Thank you for sharing. Unforutnately, it may always be with you. I have friends who have had success after IF and it still stings them when they see a pregnancy announcement.
Know that you are human and that is ok!
I think that is what makes us women who have struggled with IF, we are sensitive and more aware of these announcements. While I would never wish IF on anyone, it does make us special.

Heck as I head into our IVF cycle, I am feeling guilty that we will be successful where I know women who have done several IVFs w/o success.

Wishing you a happy and healthy pregnancy. :-)

Patty said...


So I randomly, miraculously got pregnant earlier this year (only briefly, it lasted for 4 days). Within seconds of experiencing the pure shock, joy and excitement of seeing the positive, my reaction turned to guilt. I thought, "How can I tell Michelle (and some other names)? It's not fair, they started ttc first, it's not my turn yet." It's a hard thing to be the person causing the heartbreak we've experienced over and over again in this sisterhood. As irrational as it is, I think it feels like success is some kind of betrayal, like you're leaving the rest of IF peeps behind and even more isolated as the pool of those are share the experience gets smaller. But I think it's true that it will always be a part of who you are. You don't forget. You don't move on without looking back and disconnect from the pain of those who are still struggling, the pain you've carried around for years. It's a part of who you are. A part of who we all are, forever.

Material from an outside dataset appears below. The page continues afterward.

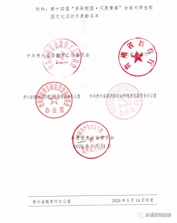 由省委教育工委、省教育厅、省精神文明办、省委网信办、团省委共同举办的第十四届“多彩校园•闪亮青春”全省大学生校园文化活动月各项活动已圆满结束。在学院党委的高度重视和正确领导下,本届校园文化活动月期间,团委大力宣传,积极组织发动各系师生参赛。我院参加的14个项目中,分别获“三等奖”6个,“铜奖”2个,“优胜奖”2个,“优秀项目奖”1个,“优秀奖”8个。

Your first paragraph is spot on. Yours was the happiest I've ever felt about any pg announcement, ever. First, it came shortly after we started a series of iui's, and the hope I felt with that timing was huge, exactly like your success was going to rub off on us. Second, IF has connected us and given us the chance to become more empathetic and sensitive towards each other- and I can FEEL your joy and know you appreciate everything in a different way than the rest. I want to vicariously feel every ounce of your happiness in whatever way I can. So I hope you soak up and revel in your joys as much as possible. Shout it to the world if you want to! It's high time you had the privilege of getting to do it.